__What you should do__
All lines from the one bearing "Виолетта Витальевна Крючкова" through the end of the data below must be printed exactly as they stand, with pictures removed.

-.-.-

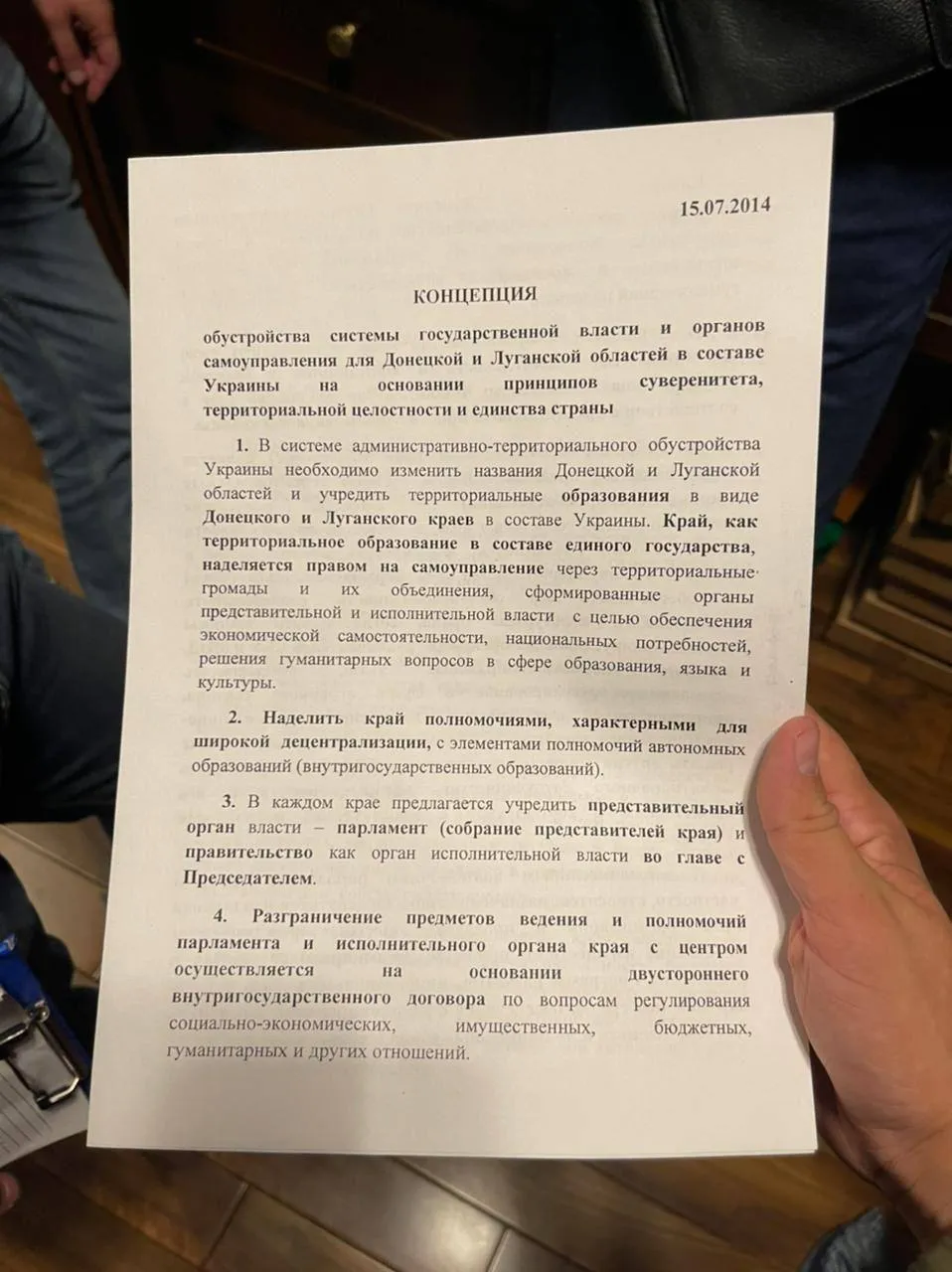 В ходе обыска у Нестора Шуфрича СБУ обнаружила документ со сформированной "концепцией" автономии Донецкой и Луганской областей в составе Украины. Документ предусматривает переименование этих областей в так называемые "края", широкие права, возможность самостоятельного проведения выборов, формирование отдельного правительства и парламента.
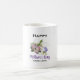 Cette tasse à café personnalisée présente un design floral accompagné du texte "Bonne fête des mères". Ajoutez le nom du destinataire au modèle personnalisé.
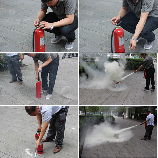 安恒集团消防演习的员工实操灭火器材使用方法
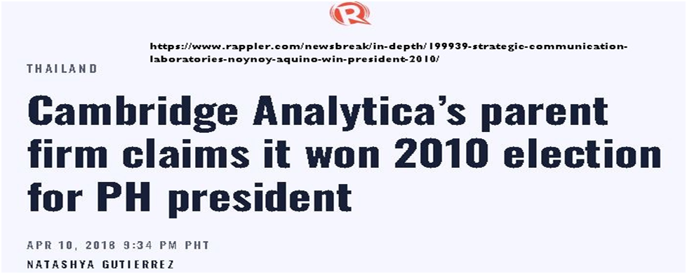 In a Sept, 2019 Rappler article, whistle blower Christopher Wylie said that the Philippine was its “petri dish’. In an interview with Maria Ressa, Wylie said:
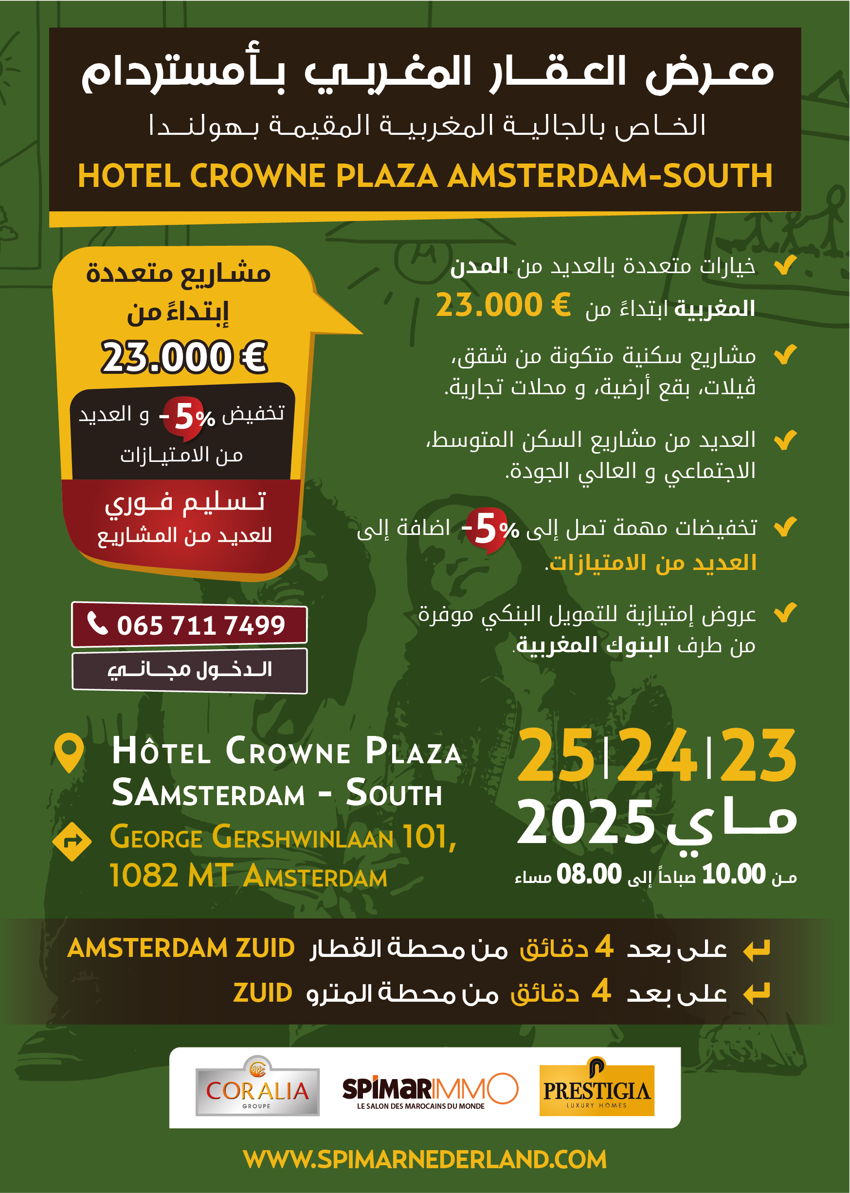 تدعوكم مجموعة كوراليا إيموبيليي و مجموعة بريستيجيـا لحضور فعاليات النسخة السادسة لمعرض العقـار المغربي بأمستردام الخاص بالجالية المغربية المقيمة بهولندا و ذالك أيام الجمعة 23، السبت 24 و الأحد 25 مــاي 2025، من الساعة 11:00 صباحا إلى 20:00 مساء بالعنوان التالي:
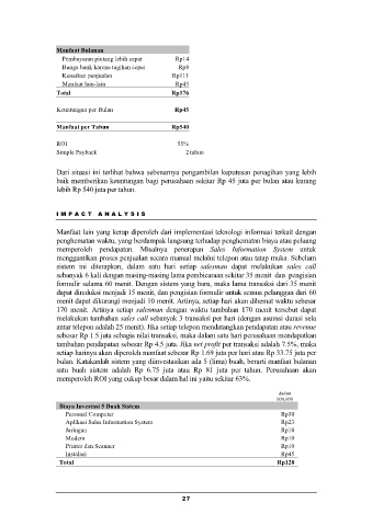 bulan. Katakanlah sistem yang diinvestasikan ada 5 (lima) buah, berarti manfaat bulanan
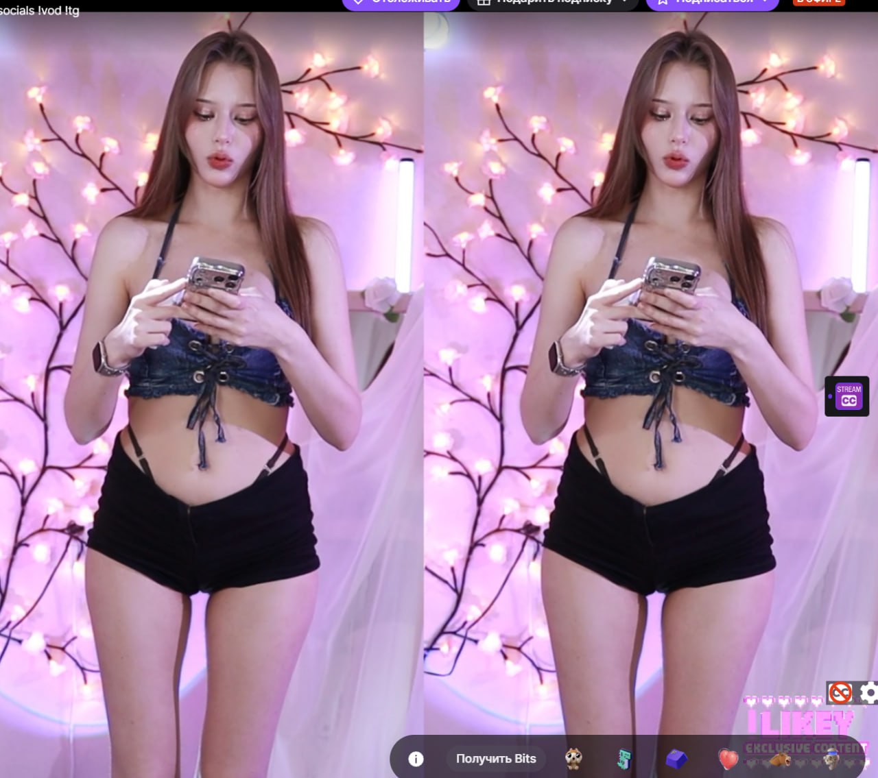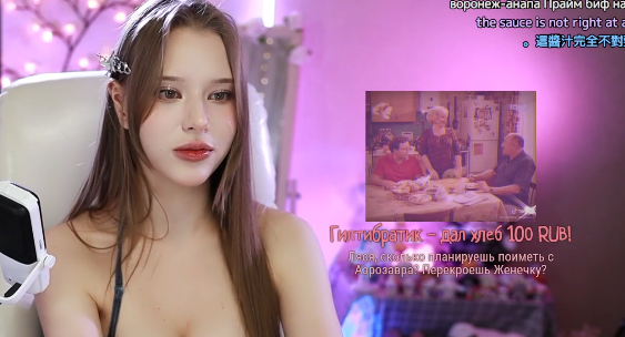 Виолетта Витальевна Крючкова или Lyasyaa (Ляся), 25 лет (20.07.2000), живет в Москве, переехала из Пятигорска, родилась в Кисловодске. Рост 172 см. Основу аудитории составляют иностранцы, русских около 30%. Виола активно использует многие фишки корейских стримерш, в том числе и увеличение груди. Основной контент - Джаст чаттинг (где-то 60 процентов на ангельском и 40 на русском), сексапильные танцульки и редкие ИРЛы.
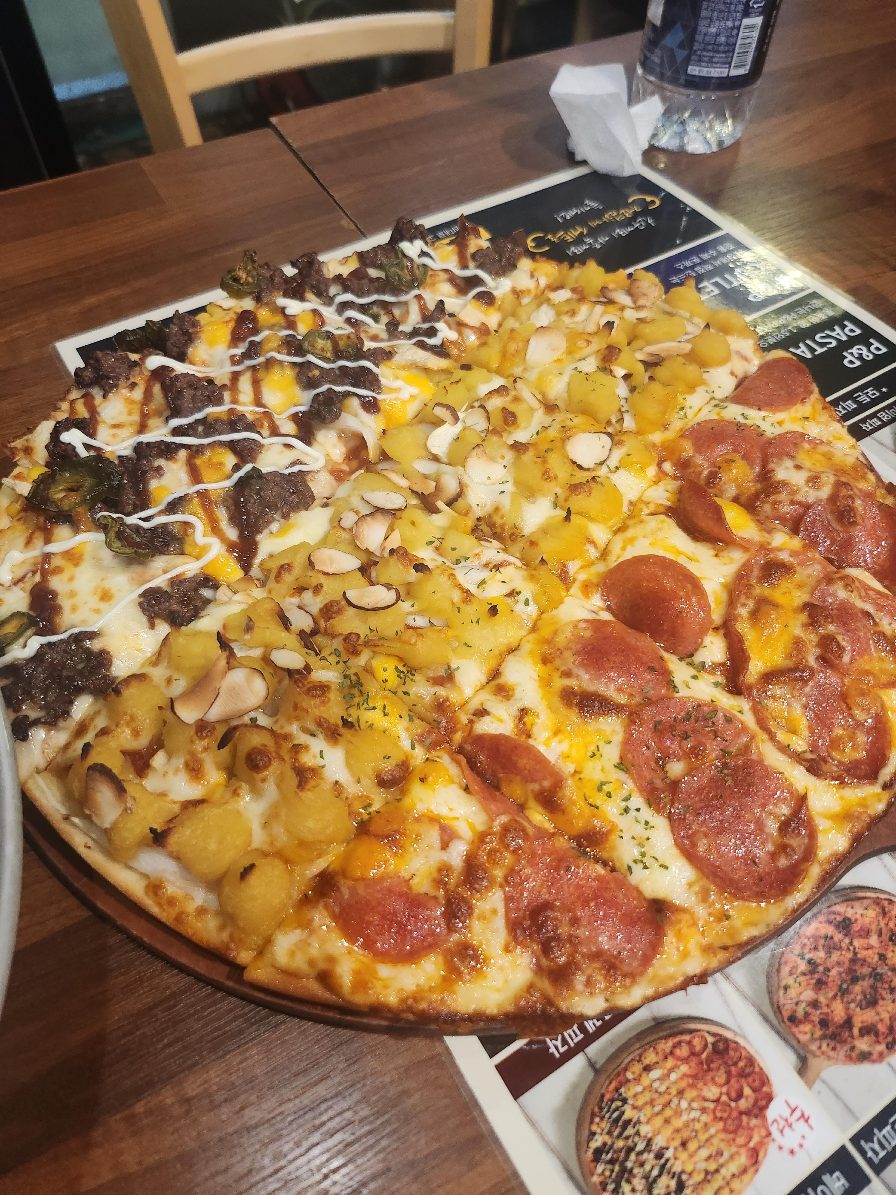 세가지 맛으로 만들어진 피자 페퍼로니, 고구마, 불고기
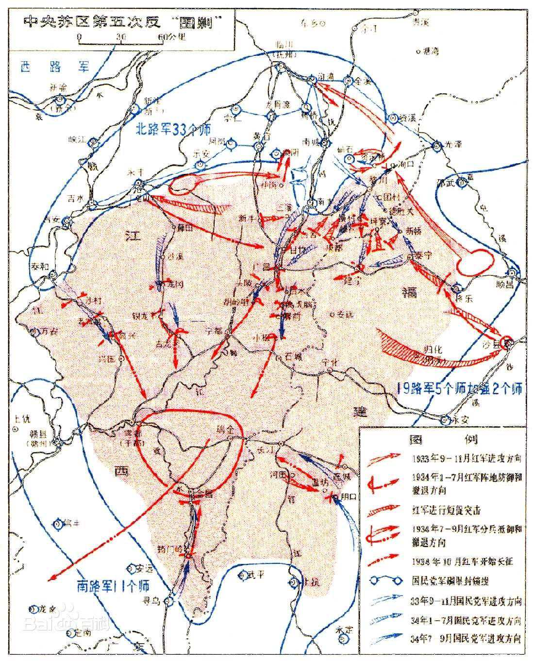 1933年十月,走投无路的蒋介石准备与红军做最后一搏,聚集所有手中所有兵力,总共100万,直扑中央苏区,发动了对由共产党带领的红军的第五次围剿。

-.-.-

__Exercise result__
 Виолетта Витальевна Крючкова или Lyasyaa (Ляся), 25 лет (20.07.2000), живет в Москве, переехала из Пятигорска, родилась в Кисловодске. Рост 172 см. Основу аудитории составляют иностранцы, русских около 30%. Виола активно использует многие фишки корейских стримерш, в том числе и увеличение груди. Основной контент - Джаст чаттинг (где-то 60 процентов на ангельском и 40 на русском), сексапильные танцульки и редкие ИРЛы.
 세가지 맛으로 만들어진 피자 페퍼로니, 고구마, 불고기
 1933年十月,走投无路的蒋介石准备与红军做最后一搏,聚集所有手中所有兵力,总共100万,直扑中央苏区,发动了对由共产党带领的红军的第五次围剿。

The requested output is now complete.